1) I collect random encounter ideas in a text file. They might come from reading PF books, other books, the forum or whenceever, and they span one to three bullet points, normally. It might take a long time till they get used, or they won't be used at all, but that's no problem given the little effort.

2) In the same text file, I create sketches of upcoming sessions. That's like 8 to 10 bullet points per session. Sometimes I can pull from the collected encounter ideas (see 1)), but often enough I have to create them from scratch.

3) I create a separate file for each upcoming session, and copy the session sketch into it. It will stay there, at the bottom, but I will copy parts of it again, within the session file, and add meat to the bones, to create actual encounters, including stat blocks. The order in which I refine the sketch is erratic - I pick the part that inspires me most right now and start working on it. I try to start preparation multiple days before the session, hoping that each new day comes with some new ideas.
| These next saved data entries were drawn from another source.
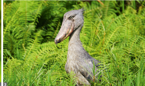
1 Berggorillababy © Dr. Harald Teubenbacher 2 Murchison Falls © Wibke Woyke / Alamy Stock Photo 3 Schuhschnabel © Dr. Harald Teubenbacher
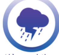
Aide aux victimes de catastrophe
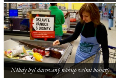
Někdy byl darovaný nákup velmi bohatý.
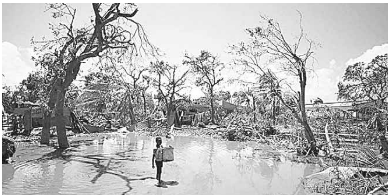
► La tragedia provocada por el ciclón Idai en África está al mismo nivel que las crisis en Siria y Yemen.

Vaticinó que la plaga se extenderá por otras partes del sur de Florida en las próximas semanas.
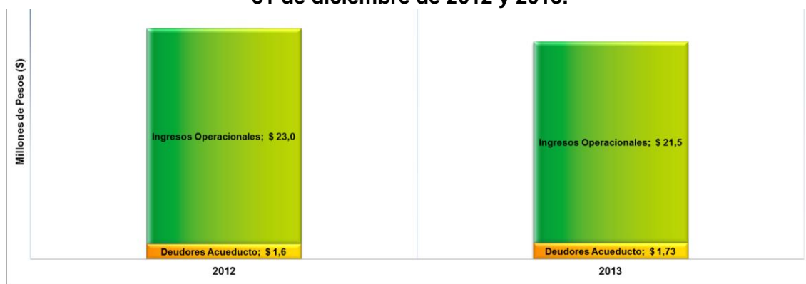
Grafica No. 1. Proporción de Ingresos Operacionales pendientes de Recaudo a 31 de diciembre de 2012 y 2013.

Fuente: Información Financiera reportada al SUI - PUC Anual Consolidado
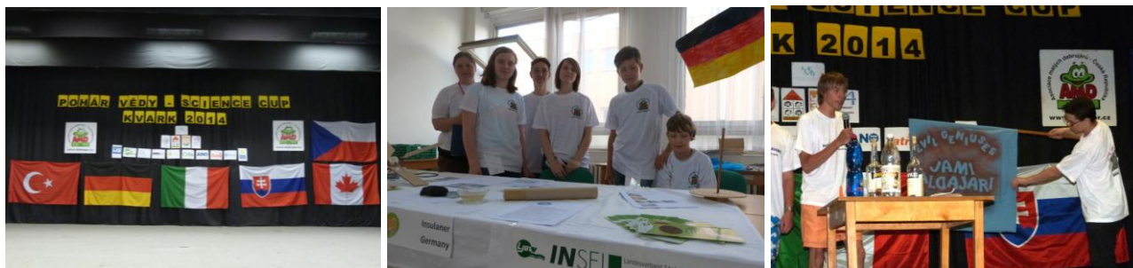
Mezinárodní soutěž Pohár vědy – Kvark 2014
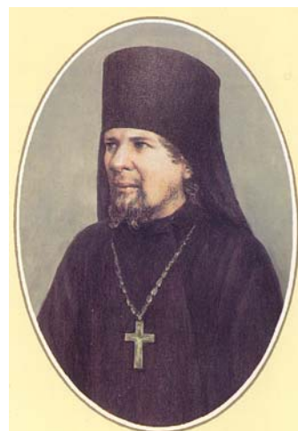
Преп. Нектарий Оптински

❖ Смисльът на християнския живот, според гумите на св. ап. Павел в Посланието му
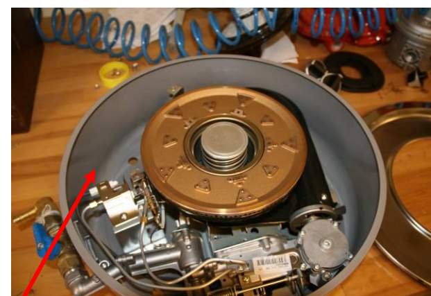
מבט על , מערכת הגז ללא הפנל העליון
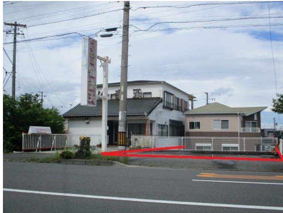
県道側からの現地写真
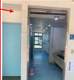
高年級通往操場通道的鄰近廁所，常發生學生相撞意外
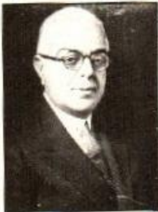
سر آغا خان

اپنے حقوق سے بدستور محروم رہتے۔ چنانچہ سر آغا خان، مسلمان رہنماؤں کا وفد لے کر یکم اکتوبر 1906ء کو وائسرائے لارڈ مینٹو سے شملہ میں ملے۔ تاریخ میں اس کو شملہ وفد کا نام دیا جاتا ہے۔ وفد کے اہم مطالبات کا خلاصہ درج ذیل ہے۔
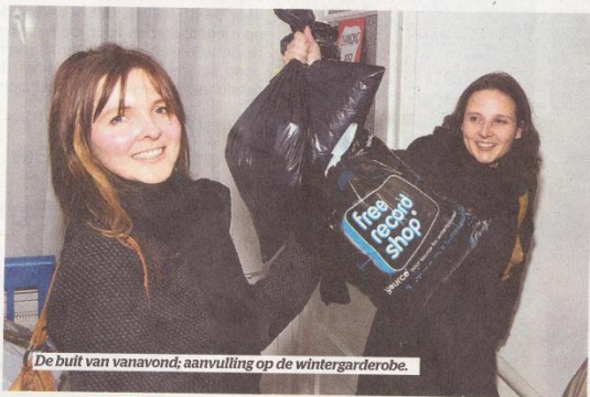
De buit van vanavond; aanvulling op de wintergarderobe.
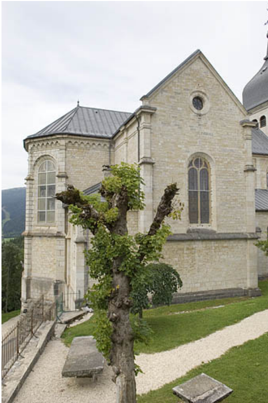
Chevet, depuis l'ouest.

4) During the session, the players might avoid an encounter, maybe without even noticing. Then I move the encounter to another text file, basically a backlog. Chances are that I can reuse it in a later session, maybe with minor adaptations (often a CR increase). There is a table of contents (created manually), split into roleplay encounters and combat encounters. The latter have a remark about their CR and are sorted by it.

So in summary, I use only plain text files, navigating them with Ctrl-F and trying to save every idea that seems worth it.